In one embodiment, as shown in fig. 3, there is provided a sample screening apparatus comprising: an acquisition module 301, an initialization module 302, a training module 303, a prediction module 304, and a screening module 305, wherein:

the obtaining module 301 is configured to obtain a model algorithm of a trained first model, where the first model is obtained by training a full sample set to be screened.

An initialization module 302 for determining a plurality of initialized sub-models according to a model algorithm of the first model; the model hyper-parameters of each of the plurality of sub-models remain consistent.

And the training module 303 is configured to train each sub-model through a full amount of sample sets to be screened, so as to obtain a plurality of test models, wherein each sub-model adopts different random number seeds during training.

The predicting module 304 is configured to predict each sample in the full sample set to be screened through the multiple inspection models, so as to obtain multiple prediction results corresponding to each sample.
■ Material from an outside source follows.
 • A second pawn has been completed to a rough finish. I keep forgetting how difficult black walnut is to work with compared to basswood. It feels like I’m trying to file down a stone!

The screening module 305 is configured to screen out candidate abnormal samples from the total number of samples to be screened based on the prediction result corresponding to each training sample.

The screening module 305 is further configured to screen a target abnormal sample from the candidate abnormal samples, and remove the target abnormal sample from the total to-be-screened sample set to obtain a normal sample set.
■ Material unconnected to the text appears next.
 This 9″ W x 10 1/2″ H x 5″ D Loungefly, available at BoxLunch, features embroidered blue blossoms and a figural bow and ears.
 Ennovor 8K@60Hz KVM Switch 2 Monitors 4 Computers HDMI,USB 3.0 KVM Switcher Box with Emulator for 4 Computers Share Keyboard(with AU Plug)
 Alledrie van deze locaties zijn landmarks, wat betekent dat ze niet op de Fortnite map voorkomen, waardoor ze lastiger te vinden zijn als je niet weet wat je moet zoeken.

In one embodiment, the obtaining module 301 is further configured to construct a first model to be trained based on a target machine learning algorithm; acquiring a total sample set to be screened, and dividing the total sample set to be screened into a training set and a testing set; and training the first model to be trained on the training set, testing on the testing set until a training stopping condition is reached, and obtaining the trained first model.
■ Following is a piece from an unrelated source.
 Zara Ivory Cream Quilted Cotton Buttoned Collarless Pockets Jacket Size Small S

In one embodiment, the training module 303 is further configured to obtain a total sample set to be screened, and divide the total sample set to be screened into a training set and a testing set; forming an initial test model sequence by the plurality of sub models; training each sub-model in the initial test model sequence on a training set by respectively adopting different random number seeds, and testing on a testing set to obtain a plurality of trained test models; and the trained test models corresponding to the plurality of sub-models jointly form a trained test model sequence.

In one embodiment, the screening module 305 is further configured to count, for each training sample, the number of prediction results that characterize insufficient prediction confidence in the plurality of prediction results corresponding to the corresponding training sample; determining a judgment coefficient corresponding to the corresponding training sample based on the number of prediction results representing insufficient prediction confidence and the total number of the test models; and when the judgment coefficient is larger than the preset threshold value, determining the corresponding training sample as a candidate abnormal sample.

In an embodiment, the screening module 305 is further configured to check the plurality of candidate abnormal samples one by one based on a preset check rule, determine whether each candidate abnormal sample is a real abnormal sample, and if so, take the real abnormal sample as the target abnormal sample.

In one embodiment, the screening module 305 is further configured to obtain a second model obtained by training a full sample set to be screened; candidate abnormal samples are removed from the total sample set to be screened one by one, and each time the candidate abnormal samples are removed, the second model is retrained in the rest samples in the training set of the sample set to be screened, and is tested in the testing set of the sample set to be screened, so that whether the training effect is improved or not is checked; if the training effect is improved, determining the candidate abnormal sample eliminated at the current time as a target abnormal sample, and if the training effect is reduced, determining the candidate abnormal sample eliminated at the current time as a normal sample; after all candidate abnormal samples in the training set of the sample set to be screened are removed, the training set and the test set of the sample set to be screened are divided again to ensure that all samples in the last test set are in the training set of the previous time; returning to the step of eliminating the candidate abnormal samples one by one from the total sample set to be screened and continuing to execute until the sample inspection of all the candidate abnormal samples is completed; and (4) all the residual samples after all the target abnormal samples in the total sample set to be screened are removed to form a normal sample set.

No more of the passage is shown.